I’m dragging on, and I hate being a bore. In conclusion, I loved my life. I loved the people in it. My friends, my family, the woman who has my heart and my attention, and my kid, who along with everyone else is going to wonder why. Here is part of the why. I couldn’t leave while others who didn’t choose this can’t either. I couldn’t take the small amount of experience and keenness I have to offer out of a place that needs it. And selfishly, I love this stuff. I haven’t felt this satisfied and alive for a long time. It has been great to be around people with the same mindset and goals. To be able to drink from the Oasis in the vast desert again.

This is not a love letter to romanticise this choice or a reason for others to follow. Just know what you’re getting yourself in for. And if you decide to come then know for sure that this could be it. Your choice has consequences for others too. I have been selfish and made that choice for them.

To my country New Zealand, be happy, be in love, find a reason to be in love with your life. I’ll miss your mountains, your rivers and the sea, so much.

To Ukraine, you’ll win. You’ll see the sunflower fields plentiful under a free yellow and blue flag in the wind soon. I know it. Zhovti Vodi, you’ll be in my soul forever.
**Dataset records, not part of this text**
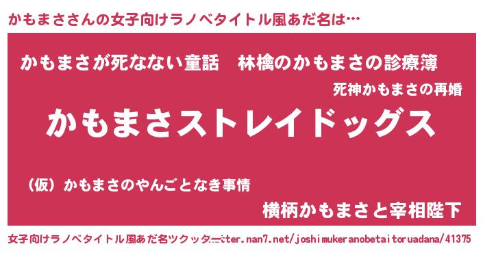 | 男性向けラノベタイトル風あだ名 | 『Re:かもまさから始める異世界生活』 |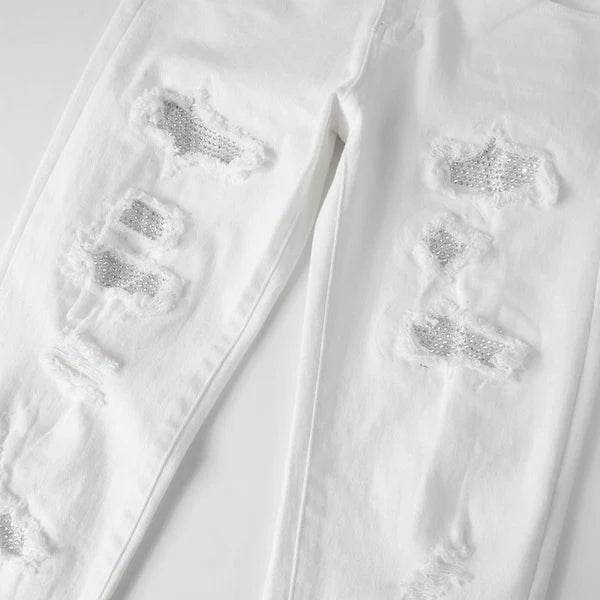 Don't settle for ordinary jeans, upgrade your style game with our White Diamond Jeans. Order now and experience the perfect blend of fashion and comfort.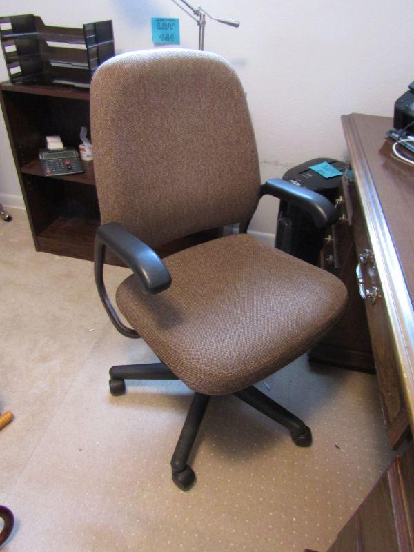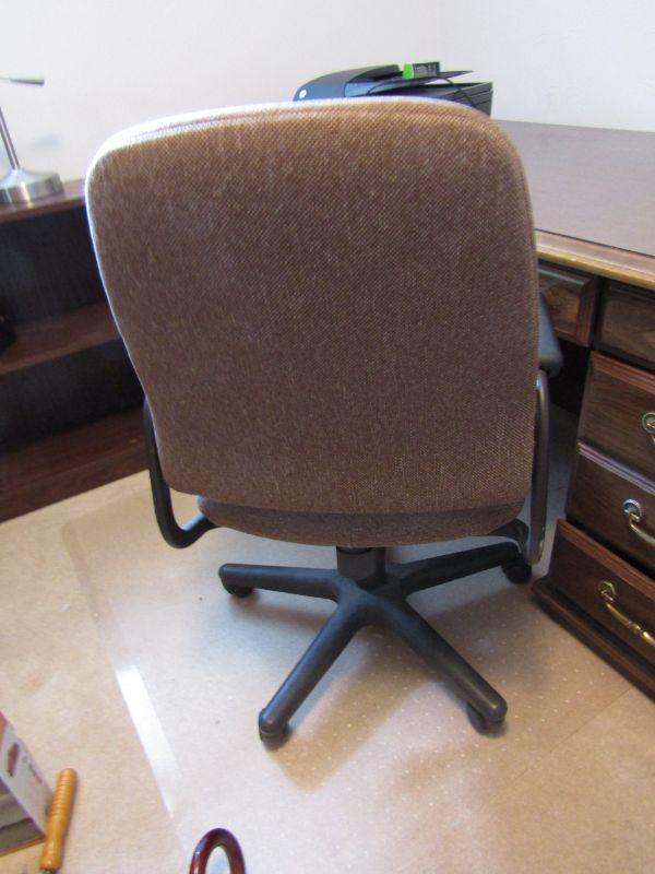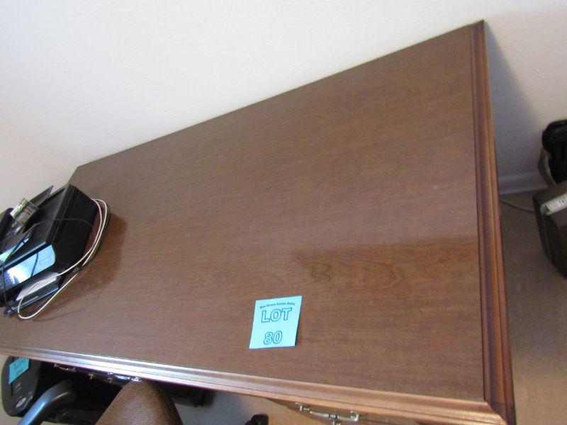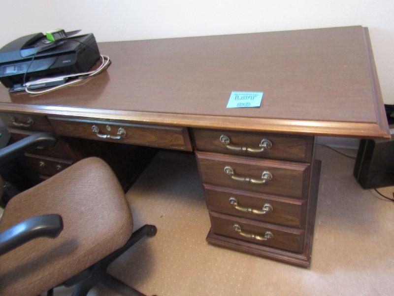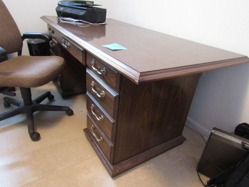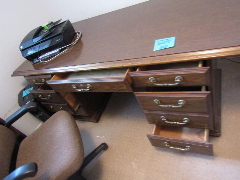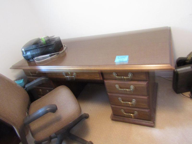6 DRAWER WOODEN DESK AND UPHOLSTERED ARM DESK CHAIR ON CASTORS

Lastly, to my team. I know you did your best. Keep going with life, get a W for us and conduct yourselves with courage, honour and compassion as we have done since being here. My Mexican and Military family, see you guys at the RV in the sky with the rest of our friends.

Kura Takahi Puni, Onward.

Glory to Ukraine.

Dominic Abelen was killed in August 2022 while fighting in the East of Ukraine on leave without pay from the Defence Force. He was working to take over a Russian trench line in the Vuhledar region when he was wounded and died in battle.

The soldier's body ended up in Russian hands after his team came under intense fire while trying to retrieve him. Abelen had served in the defence force for 10 years, including operational service in Iraq, but was on leave without pay at the time of his death.

Two-and-a-half years after he was killed on the frontline of the Ukraine war, Kiwi soldier Dominic Bryce Abelen was laid to rest near Christchurch in march 2025

Abelen’s family released a statement just days after the soldier’s body was repatriated.

“What we have learned in the time since Dominic’s death is that he was leading a company of eight soldiers when he died. He was holding off the Russians while everyone else got out,” says his father, Bryce Abelen.

“He did what the New Zealand Army trained him to do; lay out covering fire while his team got to safety.”

New Zealand aid worker Andrew Bagshaw, 47, was killed in eastern Ukraine in January 2023, alongside fellow British volunteer Christopher Parry. The pair were killed while trying to rescue a civilian from the Soledar region.

Andrew was very gifted – a polymath, really. He was a near-genius, a geneticist working on abnormalities of the genetic code and so on… He was really into animals. In fact, one of the things that immediately endeared him to the Ukrainian people was their love of animals.

“He was a very quiet fellow. His biography is called The Quiet Hero, and I think that sort of sums him up.”